Por F. Javier Duplá sj.
Cada vez que acaricias a un niño es Navidad.
Cada vez que abrazas a un abuelo es Navidad.
Cada vez que sonríes con alegría es Navidad.
Cada vez que cuentas un chiste para alegrar a otros es Navidad.
Cada vez que olvidas un juicio negativo sobre ti es Navidad.
Cada vez que visitas un enfermo es Navidad.
Cada vez que das una limosna es Navidad.
Cada vez que adoras al Niño Jesús es Navidad.
Nos cuesta entender que todo un Dios se haya hecho niño; es demasiado grande la distancia entre ese ser infinito y nosotros, pequeños, débiles y mortales. Pero Dios así lo quiso para nuestro gozo y esperanza. Las madres, no nosotros los hombres, sienten y se transportan de gozo cuando un recién nacido les reclama alimento y se lo ponen al pecho. Y lo limpian con gusto cuando se desagua o se hace caquitas. Así lo hizo la Virgen María con ese precioso Niño nacido en Belén.

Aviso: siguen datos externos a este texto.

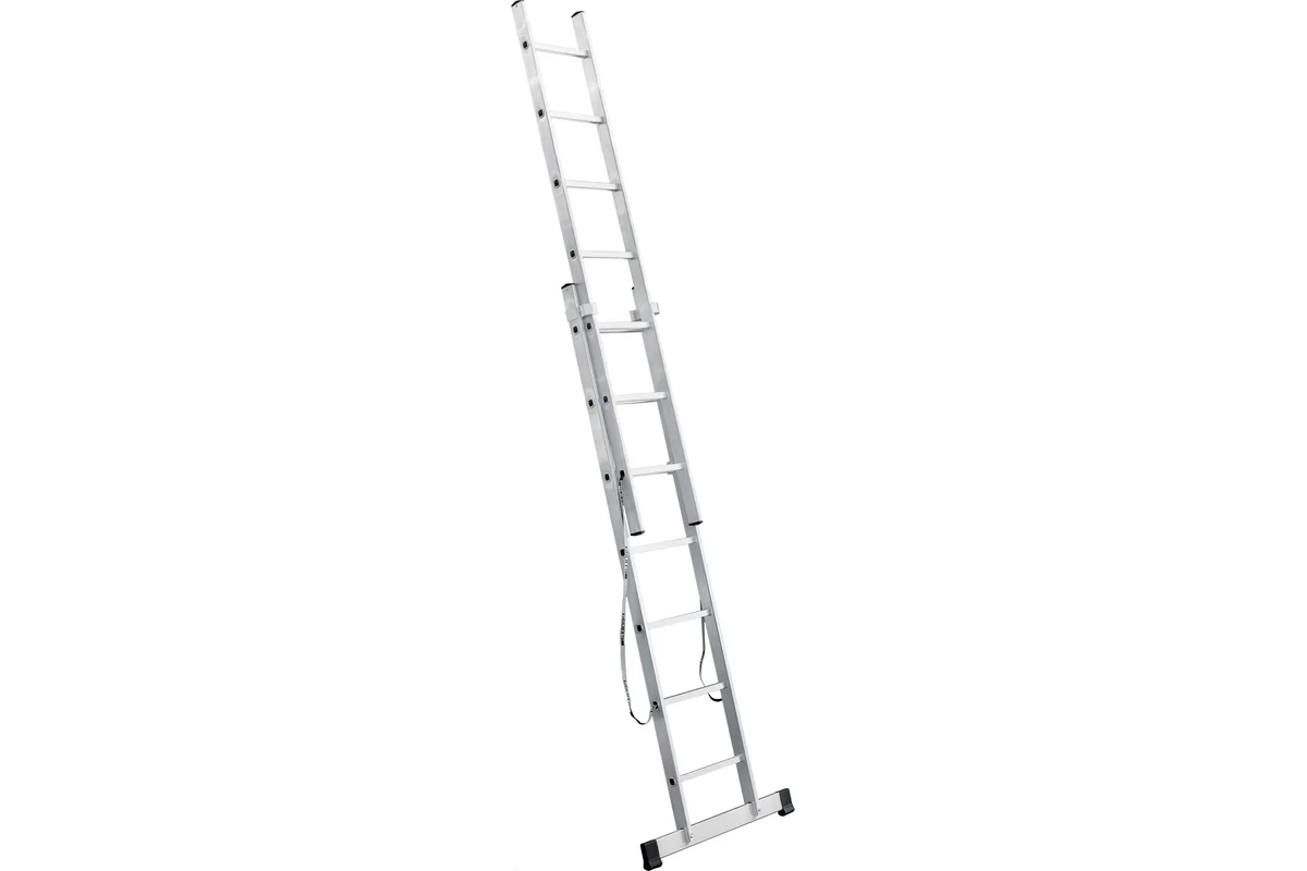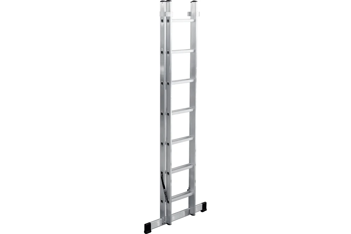 Имеет широкие алюминиевые скобы, обеспечивающие плотный зажим выносной секции и прочные страховочные стяжки, предохраняющие лестницу от самопроизвольного раскладывания.

Tenemos un concepto y una imagen de Dios, tal vez inculcada desde la infancia, como de un Dios todopoderoso, preceptor de los mandamientos, que castiga a los que no los cumplen. Jesús con su nacimiento nos presenta otra imagen de Dios, que escoge lo peor para su hijo: nace en un pueblo poco conocido, en una familia muy pobre, que tiene que emigrar para que no le maten al recién nacido; no pertenece a la casta sacerdotal, sino que es un laico… y de pronto cambia su vida y hace cambiar la de millones y millones que le creen, le siguen, le aman, actúan como él. La natividad nos arroja al misterio de un Dios diferente, muy cercano, inesperado y querido.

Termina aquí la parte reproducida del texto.